Естественно, лучше всего меблированы были покои короля. Наиболее важными предметами в них являлись троны, кровати и буфеты. Эти вещи считались священными и неприкосновенными: никому не позволялось сидеть на троне короля, «опираться на его кровать, приближаться к шкафу, где лежала королевская подушка, стоять на его ковре»31.

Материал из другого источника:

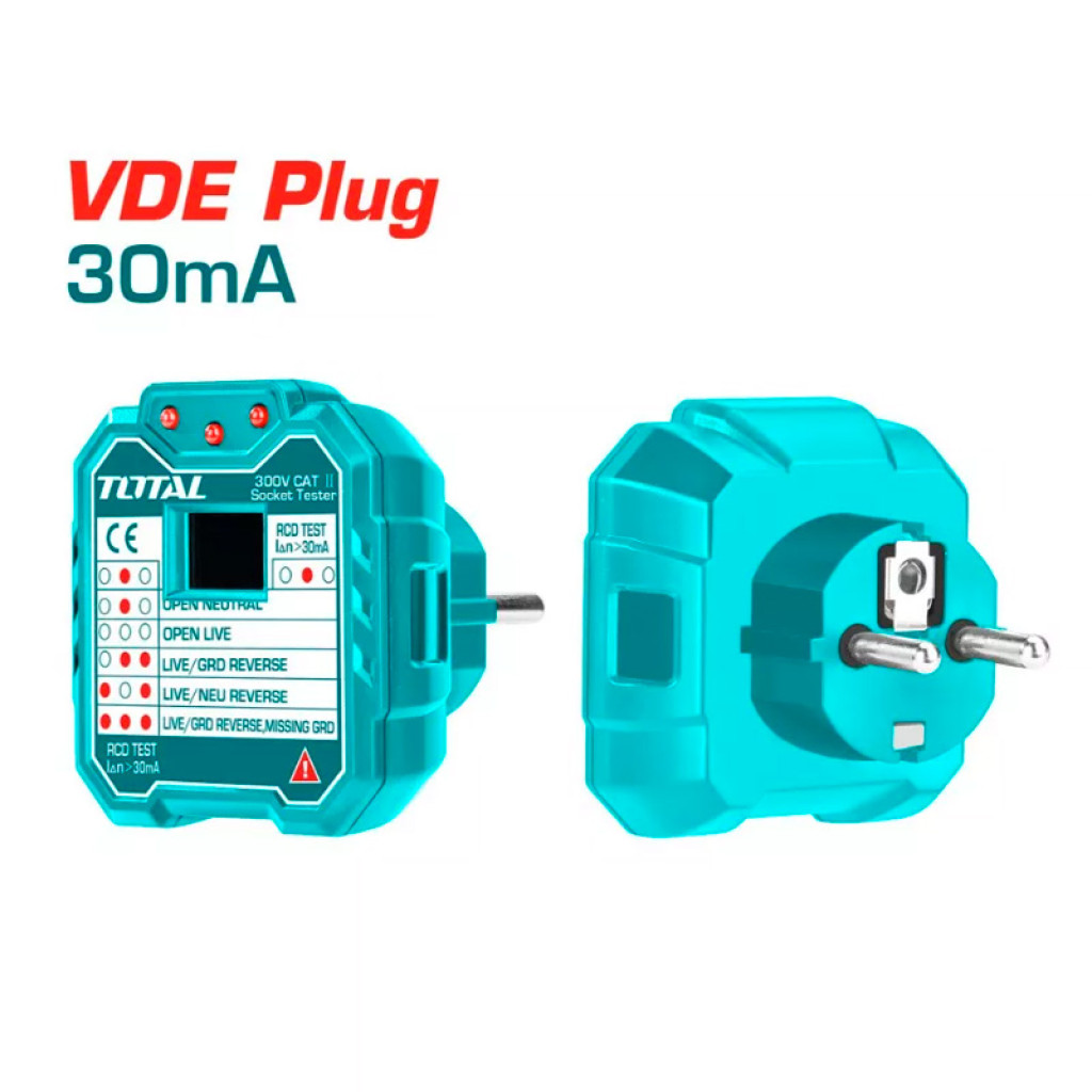 TOTAL TESST30002 սարքը նախատեսված է էլեկտրական վարդակների միացումը ստուգելու և հնարավոր խափանումները հայտնաբերելու համար: Այն ունի լուսարձակող ցուցիչներ, որոնք ցույց են տալիս միացման յոթ հնարավոր վիճակ, այդ թվում՝ ճիշտ միացում, հողանցման, չեզոք գծի կամ ֆազի բացակայություն: Տեստերը հագեցած է LCD էկրանով, որը ցուցադրում է փոխադարձ լարման արժեքը ցանցում: Աշխատանքի առավելագույն լարում կազմում է 300 Վ, իսկ UZO-ի փորձարկումը իրականացվում է 30 մԱ-ից ավելի հոսանքի ժամանակ:
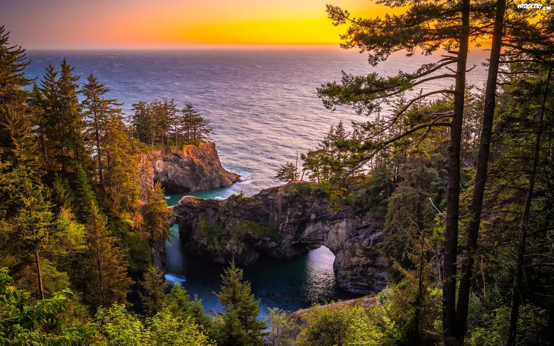 Skały, Most skalny, Drzewa, Morze, Wybrzeże Park stanowy, Samuel H. Boardman State Scenic Corridor, Punkt widokowy, Natural Bridges Viewpoint, Brookings, Oregon, Stany Zjednoczone |
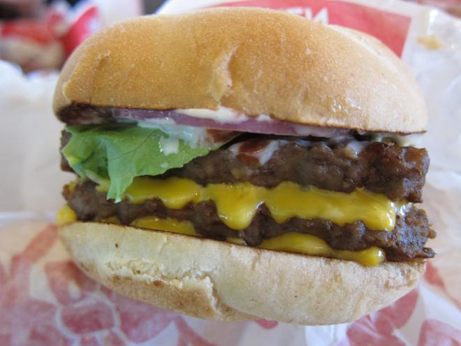 牛肉漢堡,麵包是扎實的口感,不像麥當勞是鬆軟的,吃起來很有飽足感。
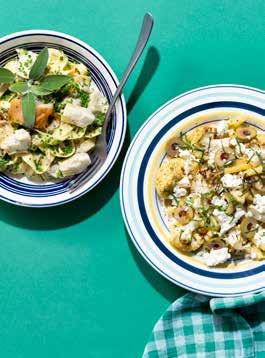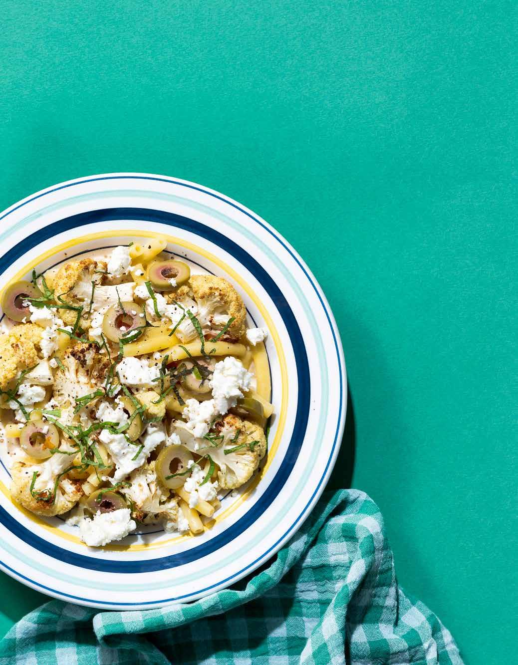 67 Macaroni met geroosterde bloemkool, groene olijven, feta en munt
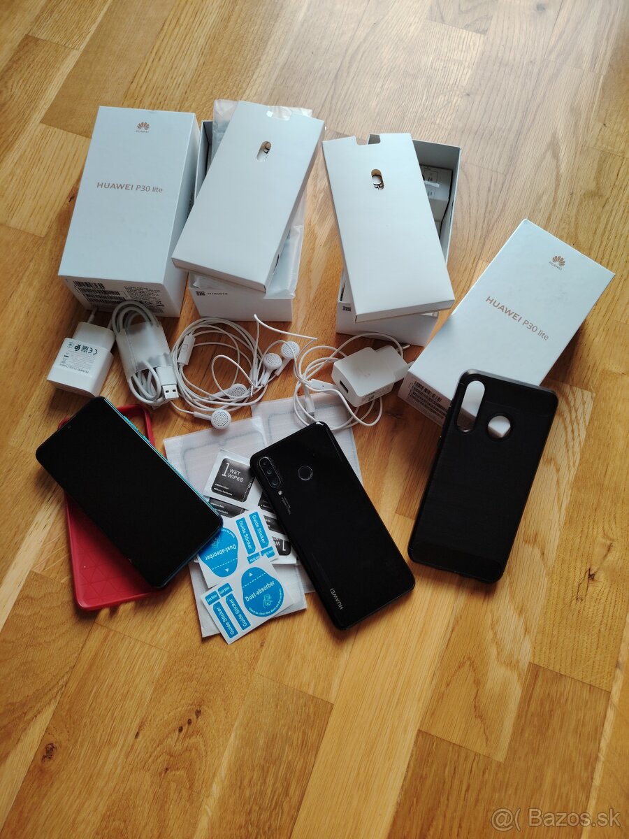 Predam 2ks mt Huawei P30 lite s komplet original prislusenstvom. Rychlonabijacky, sluchadla s 3,5mm jack, kryty v cervenej a ciernej farbe, 2ks tvrdenych skiel na displej aj fotoaparat.
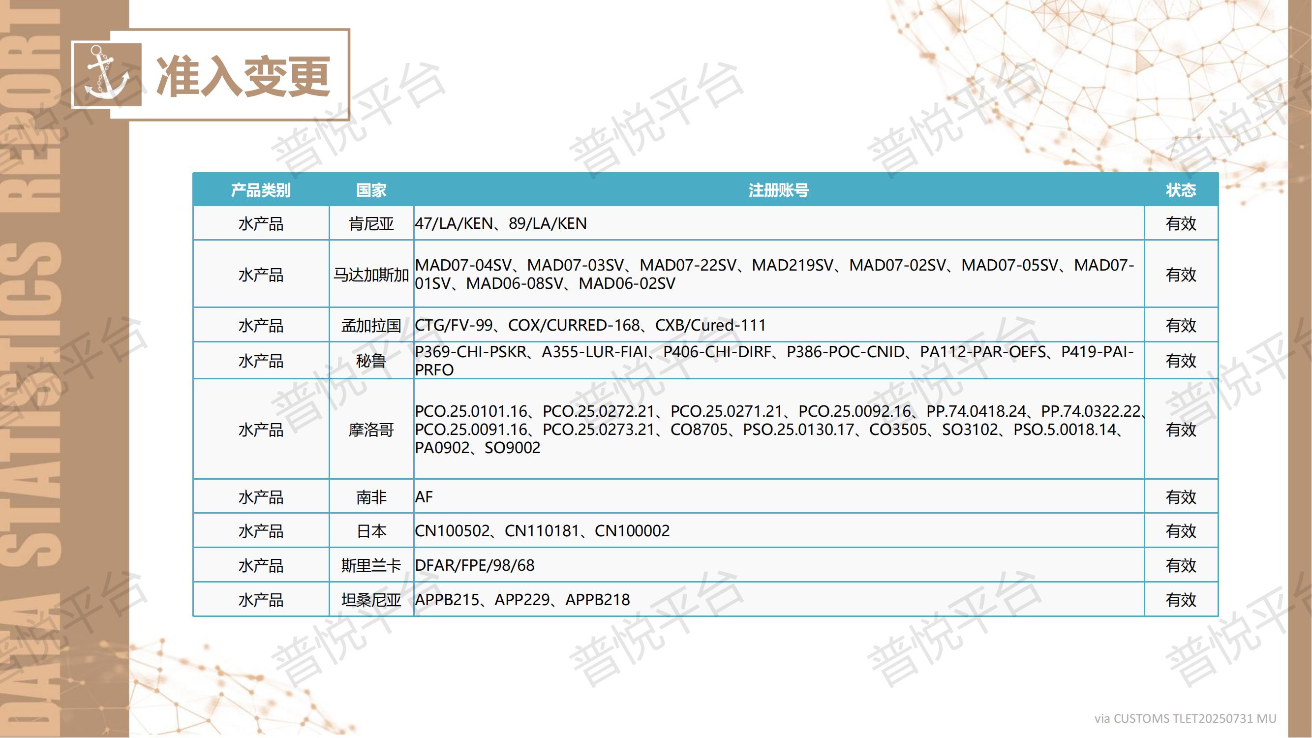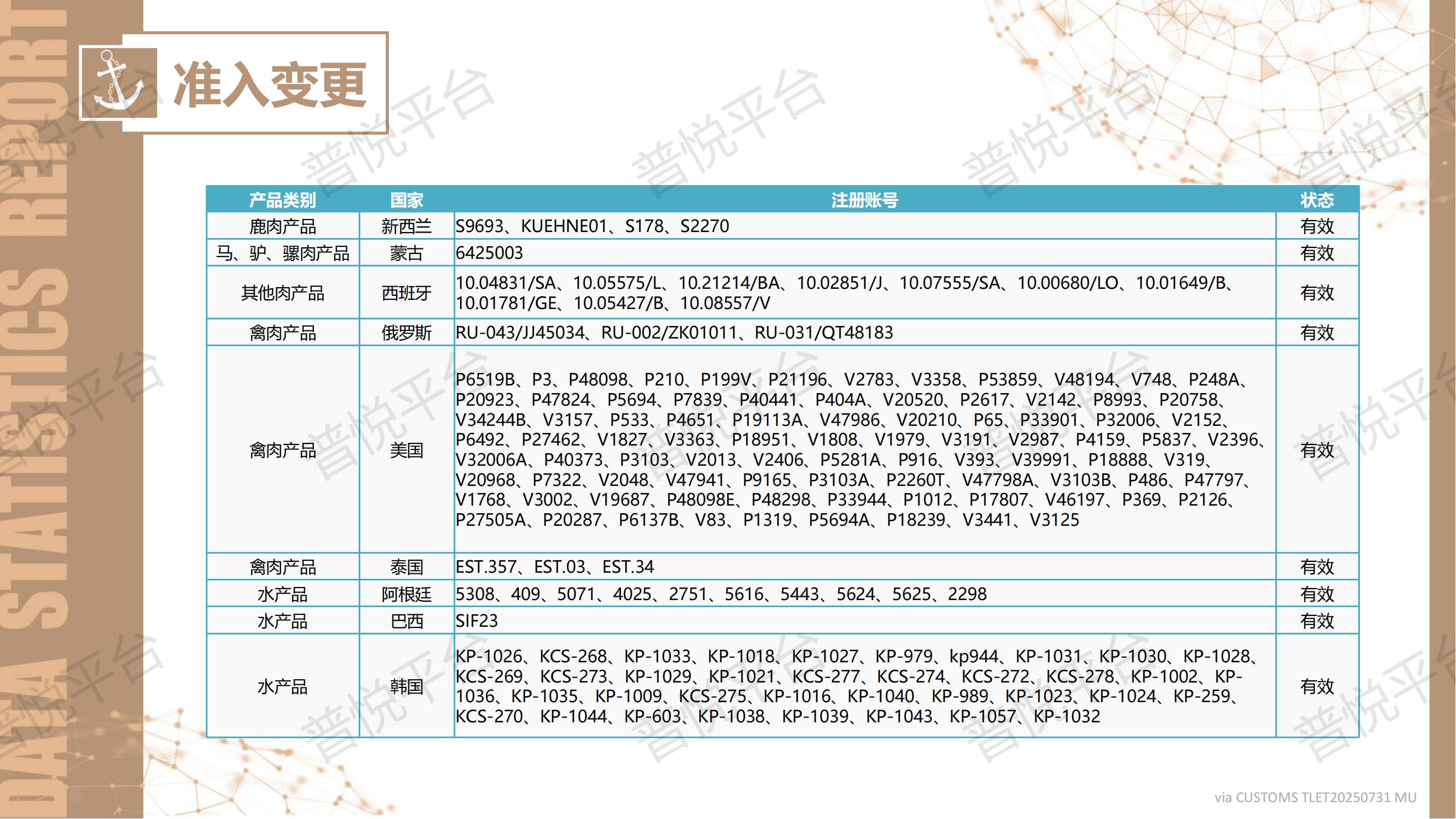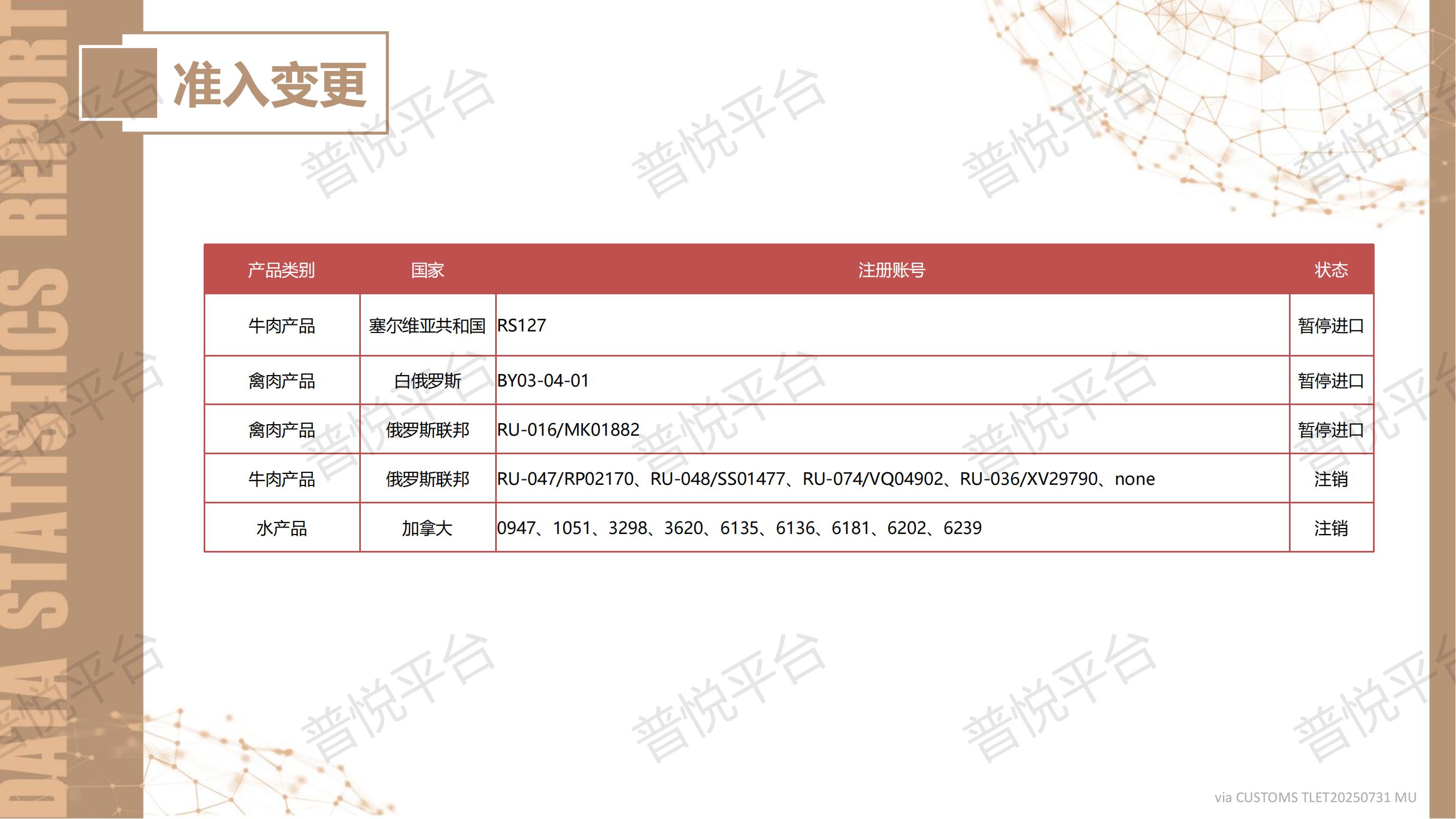 2025年7月未准入境猪、牛、羊、禽、水产品的食品信息
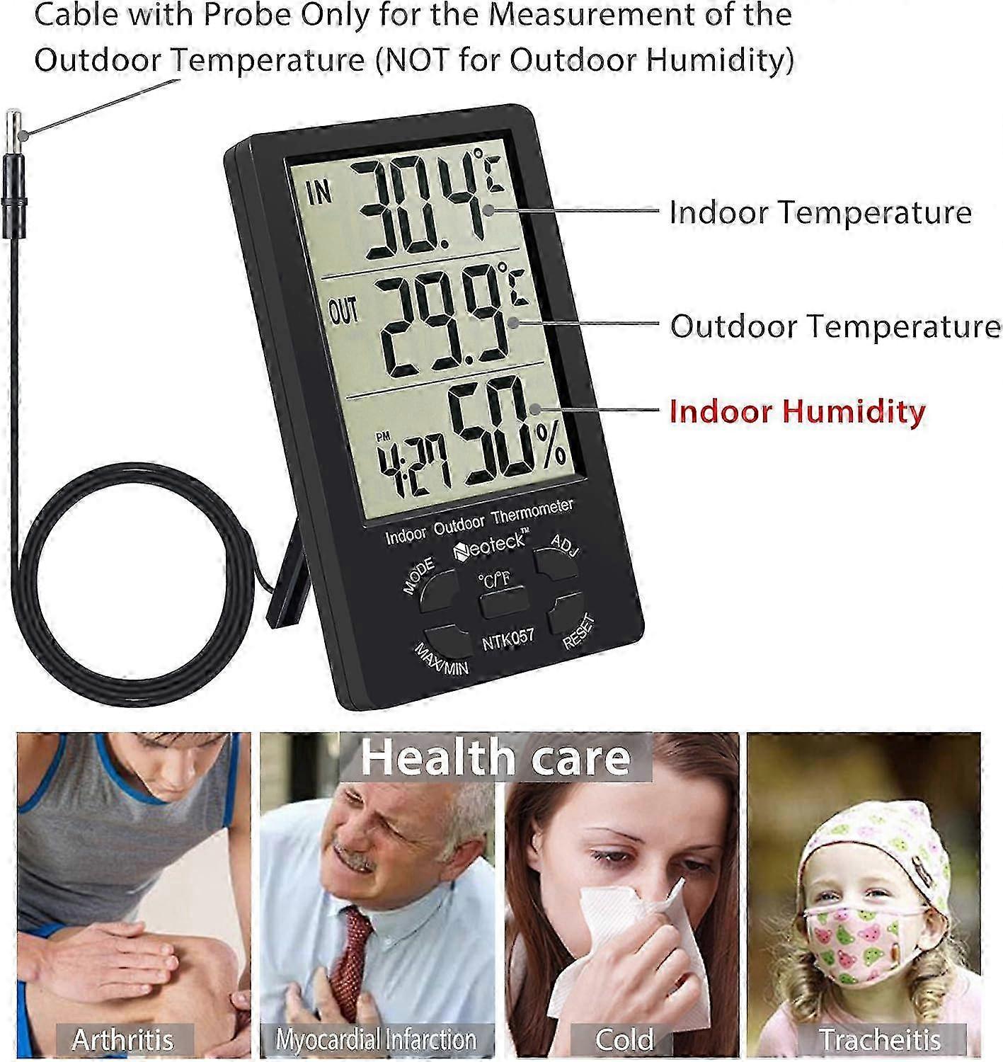 Outdoor Temperature Humidity Meter with Alarm Function and 1.5M Sensor Wire for Hotel Hospital Room - Black
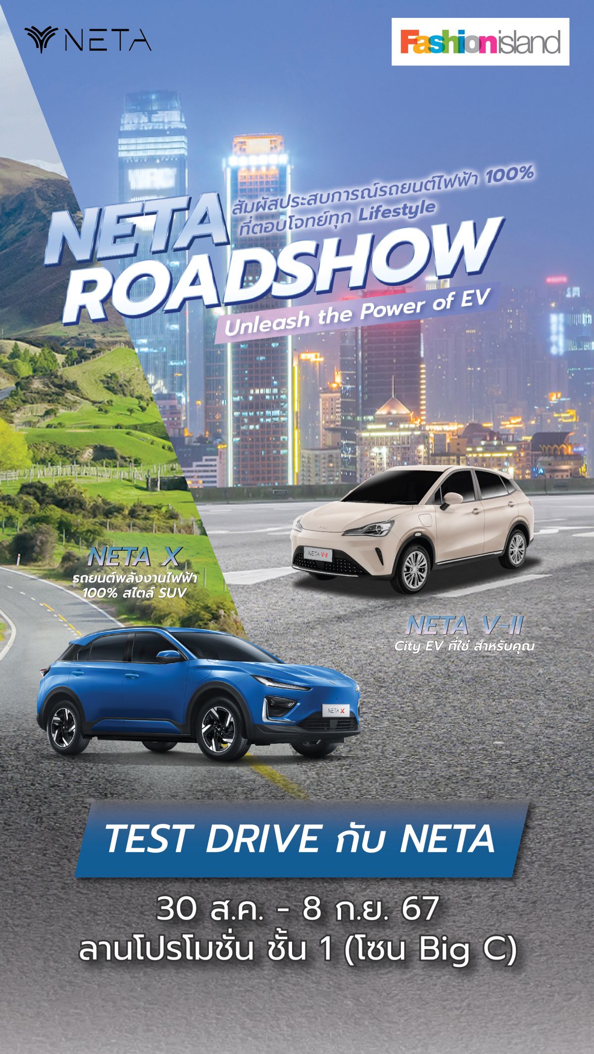เชิญร่วมทดลองขับรถยนต์ ได้ที่บูท NETA ลานโปรโมชั่น ชั้น 1 (โซน Big C)

Из мебели времен Генриха VIII до наших дней не дошло почти ничего, однако тогдашние источники дают некоторое представление о том, как она выглядела. Многочисленные троны имели типичную для того периода Х-образную форму32, сиденье и спинку обтягивали бархатом или золотой парчой, которые закрепляли с помощью позолоченных обойных гвоздиков33. На трон клали подушку с кисточками, обшитую по краям витыми шнурами, рядом с ним ставили скамеечку для ног. Над тронным помостом простирался роскошный балдахин из парчи, дамаста или бархата, украшенный бахромой и кистями, на которые шло венецианское золото34; задник – кусок ткани, примыкавший к стене, – иногда расшивали королевскими гербами, вензелями и тюдоровскими розами. Королевскую подушку несли перед монархом в процессиях, и любое сиденье, куда ее клали, становилось троном – местом сосредоточения королевской власти35. На первой Большой печати Генриха VIII его изобразили сидящим на средневековом троне, однако к 1542 году, когда изготовили третью Большую печать, троны уже украшались тонкой ренессансной резьбой с античными мотивами36.
Трон королевы был меньше по размеру, с более низким балдахином, но украшался так же богато37. Кресел насчитывалось очень мало, и они, как и скамьи с высокими спинками, предназначались для высокопоставленных особ. Все остальные размещались на табуретах (во внутренних покоях) и на лавках (в наружных покоях). Никто, кроме королевы, не мог сидеть в присутствии короля, не получив на то его приглашения.
Богатство человека в те времена часто измерялось количеством кроватей: украшенные резьбой, с дорогими шторами, они обычно были самыми ценными предметами мебели, и нередко их завещали потомкам. У Генриха VIII было много роскошных кроватей. Одна, стоявшая в Виндзоре, площадью в одиннадцать футов, имела золотой с серебром балдахин и шелковые шторы38; такая же кровать принадлежала Генриху VII. Еще одну «огромную дорогую кровать» Генрих унаследовал от кардинала Уолси: у нее были позолоченные столбы, четыре шара с кардинальскими шапками, полог из красного атласа, расшитый розами, подвязками и порт-кулисами, и бело-зеленый подзор. Кровать Генриха в Хэмптон-корте имела восемь футов в длину, балдахин из золотой и серебряной парчи, окаймленный шелковой бахромой и пурпурной бархатной лентой, а также обшитые золотой лентой фиолетово-белые занавески из тафты39.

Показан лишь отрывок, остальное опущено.